* **What is needed**
Setting aside any pictures, reproduce the data exactly.

* **Dataset excerpt**
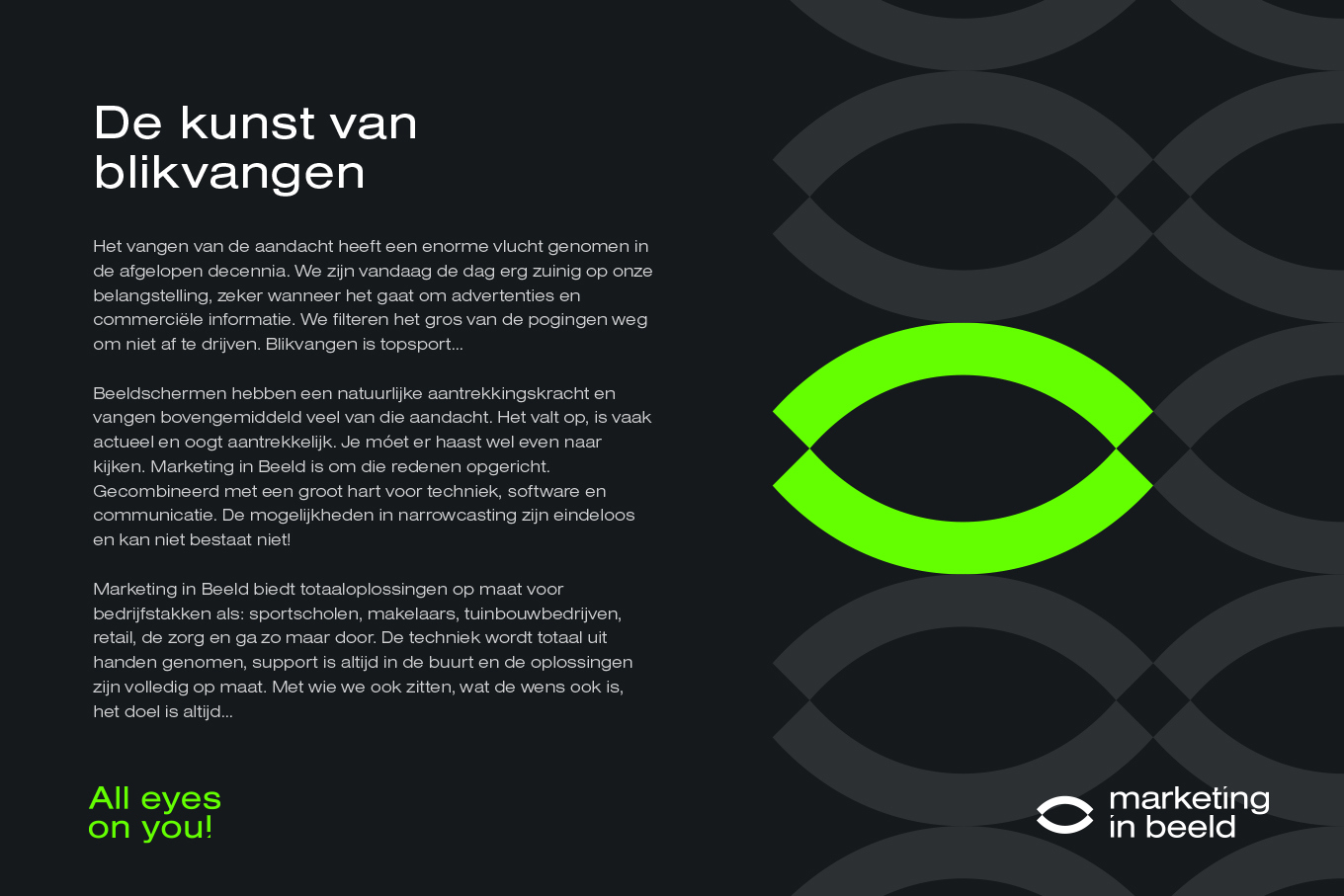 Beeldschermen hebben een natuurlijke aantrekkingskracht en vangen bovengemiddeld veel van die aandacht. Het valt op, is vaak actueel en oogt aantrekkelijk. Je móet er haast wel even naar kijken. Marketing in Beeld is om die redenen opgericht. Gecombineerd met een groot hart voor techniek, software en communicatie. De mogelijkheden in narrowcasting zijn eindeloos en kan niet bestaat niet!
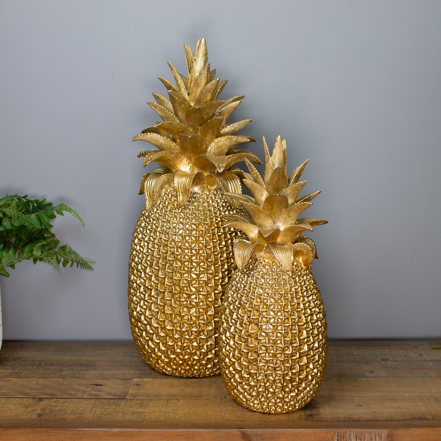 Bring a splash of sunny sophistication to your space with this Large Gold Pineapple Sculpture, crafted from resin 58 cm high and finished in a radiant gold tone. With its eye-catching size and textured detailing, this piece serves up serious tropical vibes with a luxurious edge.
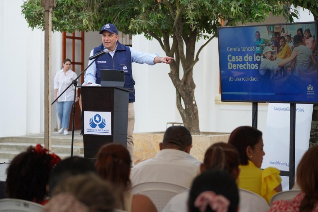 Cereté (Córdoba), 21 de febrero de 2024 (@DefensoriaCol). Desde el municipio de Cereté, Córdoba, el Defensor del Pueblo, Carlos Camargo Assis, dio a conocer toda la oferta institucional de la Casa de los Derechos a la que pueden acceder las comunidades de esa y otras poblaciones circundantes que conforman el área metropolitana del departamento.
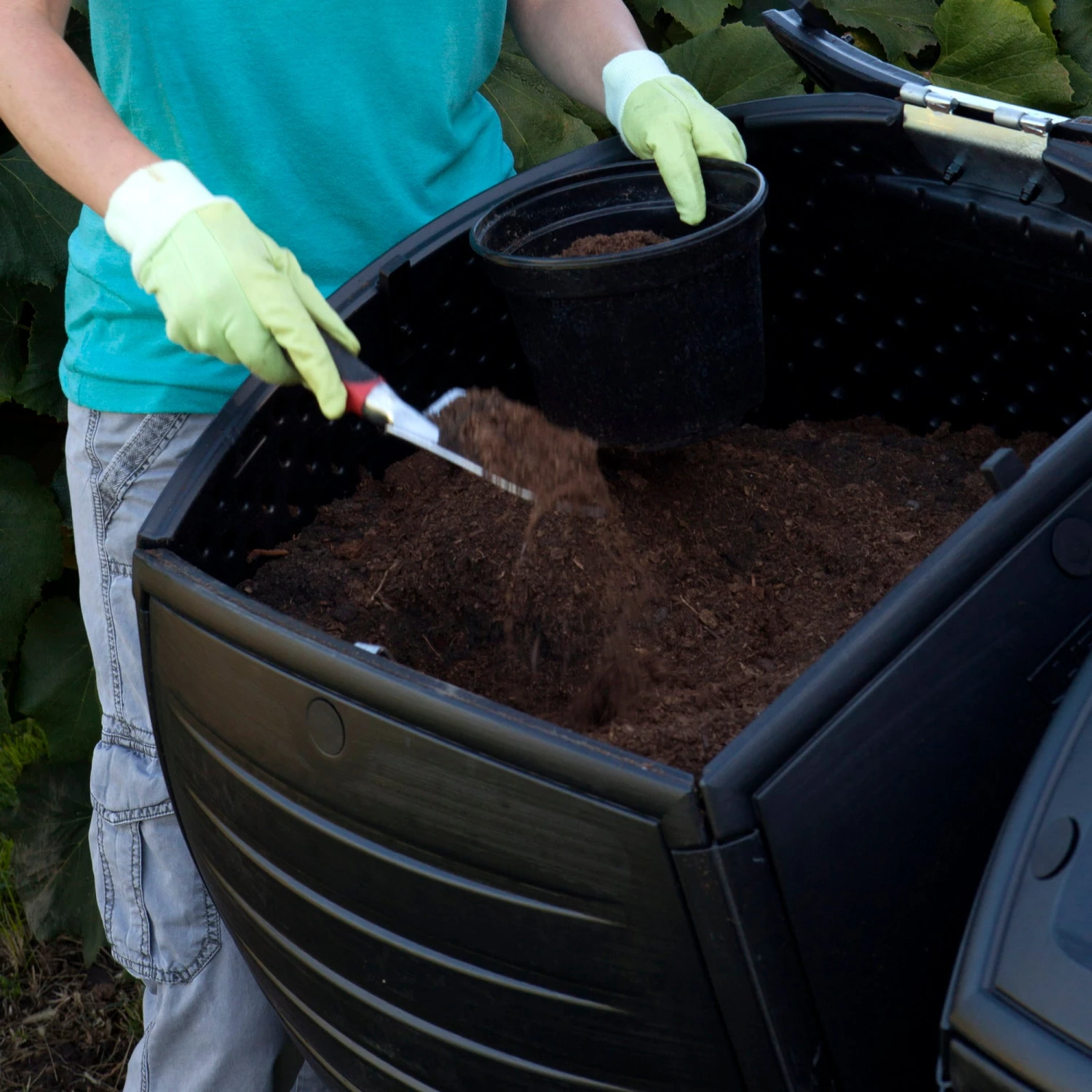 Die Höhe von etwas mehr als einem Meter ermöglicht angenehm rückenschonendes Arbeiten, während die großzügig dimensionierte Öffnungsklappe einfaches Befüllen und Entleeren erlaubt. So einfach und unkompliziert war die Herstellung von Kompost noch nie.

* **Exercise answer**
 Beeldschermen hebben een natuurlijke aantrekkingskracht en vangen bovengemiddeld veel van die aandacht. Het valt op, is vaak actueel en oogt aantrekkelijk. Je móet er haast wel even naar kijken. Marketing in Beeld is om die redenen opgericht. Gecombineerd met een groot hart voor techniek, software en communicatie. De mogelijkheden in narrowcasting zijn eindeloos en kan niet bestaat niet!
 Bring a splash of sunny sophistication to your space with this Large Gold Pineapple Sculpture, crafted from resin 58 cm high and finished in a radiant gold tone. With its eye-catching size and textured detailing, this piece serves up serious tropical vibes with a luxurious edge.
 Cereté (Córdoba), 21 de febrero de 2024 (@DefensoriaCol). Desde el municipio de Cereté, Córdoba, el Defensor del Pueblo, Carlos Camargo Assis, dio a conocer toda la oferta institucional de la Casa de los Derechos a la que pueden acceder las comunidades de esa y otras poblaciones circundantes que conforman el área metropolitana del departamento.
 Die Höhe von etwas mehr als einem Meter ermöglicht angenehm rückenschonendes Arbeiten, während die großzügig dimensionierte Öffnungsklappe einfaches Befüllen und Entleeren erlaubt. So einfach und unkompliziert war die Herstellung von Kompost noch nie.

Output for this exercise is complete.